### EXERCISE OBJECTIVE
Starting with the line that holds "11 листопада, субота", repeat each line through the last one below, exactly. Pictures stay out.
[MATERIAL FOR THE TASK Boundary: Start]
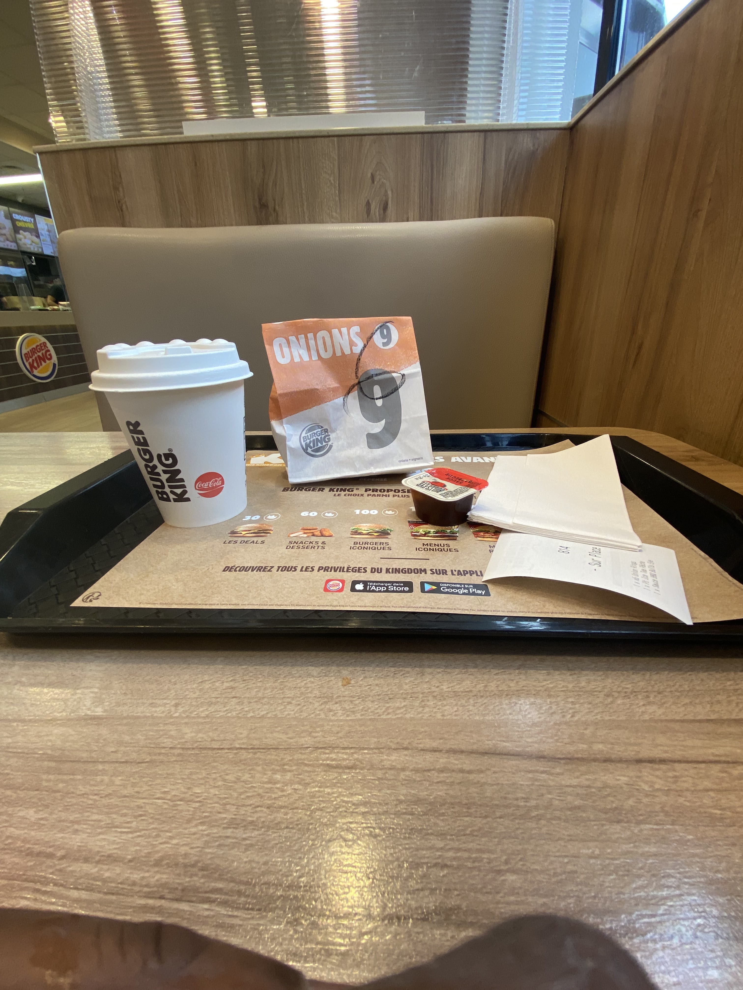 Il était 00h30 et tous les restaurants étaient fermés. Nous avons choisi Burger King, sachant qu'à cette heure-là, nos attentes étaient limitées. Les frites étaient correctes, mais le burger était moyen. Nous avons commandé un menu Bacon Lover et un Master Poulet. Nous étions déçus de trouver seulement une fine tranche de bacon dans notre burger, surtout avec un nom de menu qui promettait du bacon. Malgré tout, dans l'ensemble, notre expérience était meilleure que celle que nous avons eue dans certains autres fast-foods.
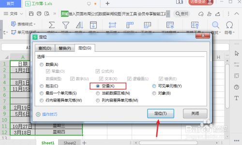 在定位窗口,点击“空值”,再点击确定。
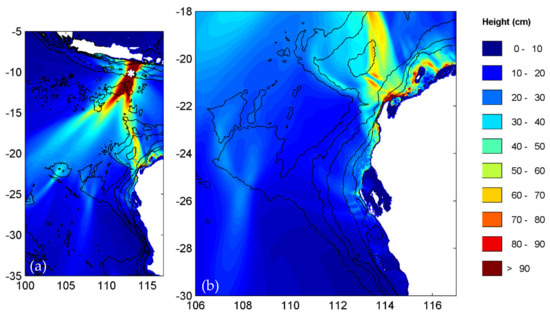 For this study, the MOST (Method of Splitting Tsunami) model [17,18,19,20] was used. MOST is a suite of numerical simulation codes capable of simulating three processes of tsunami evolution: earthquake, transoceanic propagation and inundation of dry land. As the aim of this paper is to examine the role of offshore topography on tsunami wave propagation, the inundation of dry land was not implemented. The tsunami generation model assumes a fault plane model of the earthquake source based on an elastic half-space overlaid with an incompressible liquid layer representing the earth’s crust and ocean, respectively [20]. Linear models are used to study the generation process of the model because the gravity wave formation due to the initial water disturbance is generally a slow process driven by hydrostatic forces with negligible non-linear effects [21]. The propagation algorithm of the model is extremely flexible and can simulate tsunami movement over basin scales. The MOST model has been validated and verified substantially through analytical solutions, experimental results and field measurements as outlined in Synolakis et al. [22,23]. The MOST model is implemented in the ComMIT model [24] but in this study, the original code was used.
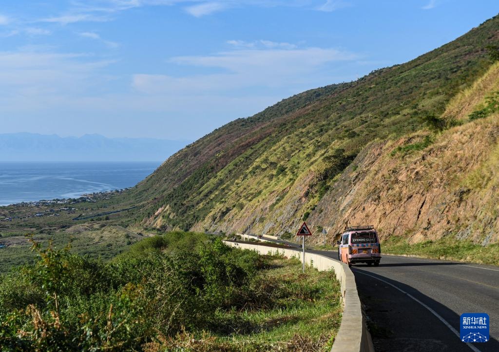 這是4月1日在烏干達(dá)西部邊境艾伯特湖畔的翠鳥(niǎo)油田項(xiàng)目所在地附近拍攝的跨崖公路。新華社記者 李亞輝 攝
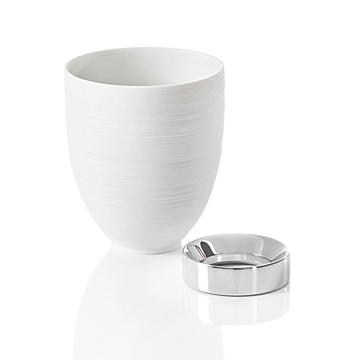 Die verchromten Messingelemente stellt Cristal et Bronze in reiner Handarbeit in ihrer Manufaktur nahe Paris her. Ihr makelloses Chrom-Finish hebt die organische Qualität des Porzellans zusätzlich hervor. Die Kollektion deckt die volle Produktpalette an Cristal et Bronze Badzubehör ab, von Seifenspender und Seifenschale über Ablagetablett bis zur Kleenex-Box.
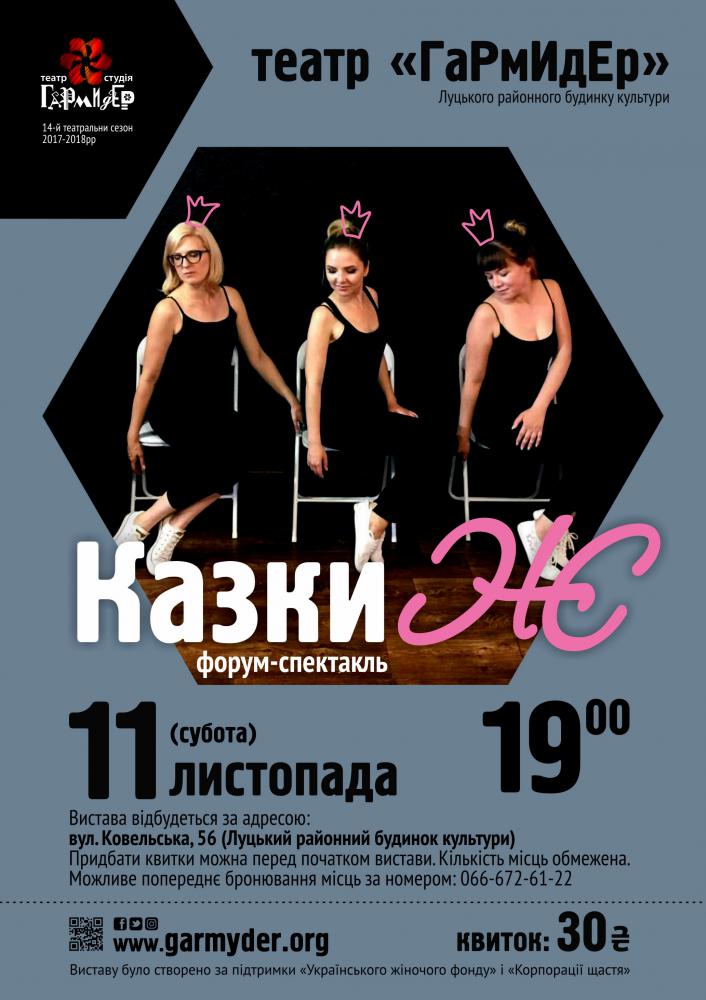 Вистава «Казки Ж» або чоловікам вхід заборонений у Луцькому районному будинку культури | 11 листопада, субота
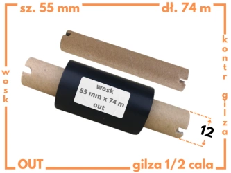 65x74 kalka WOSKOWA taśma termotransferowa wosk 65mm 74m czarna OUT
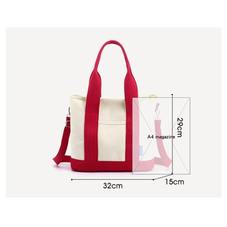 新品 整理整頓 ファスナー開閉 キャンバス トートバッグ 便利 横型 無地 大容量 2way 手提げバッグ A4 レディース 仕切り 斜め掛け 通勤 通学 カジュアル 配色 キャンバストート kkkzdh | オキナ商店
[MATERIAL FOR THE TASK Boundary: End]
### EXPECTED ANSWER
 Вистава «Казки Ж» або чоловікам вхід заборонений у Луцькому районному будинку культури | 11 листопада, субота
 65x74 kalka WOSKOWA taśma termotransferowa wosk 65mm 74m czarna OUT
 新品 整理整頓 ファスナー開閉 キャンバス トートバッグ 便利 横型 無地 大容量 2way 手提げバッグ A4 レディース 仕切り 斜め掛け 通勤 通学 カジュアル 配色 キャンバストート kkkzdh | オキナ商店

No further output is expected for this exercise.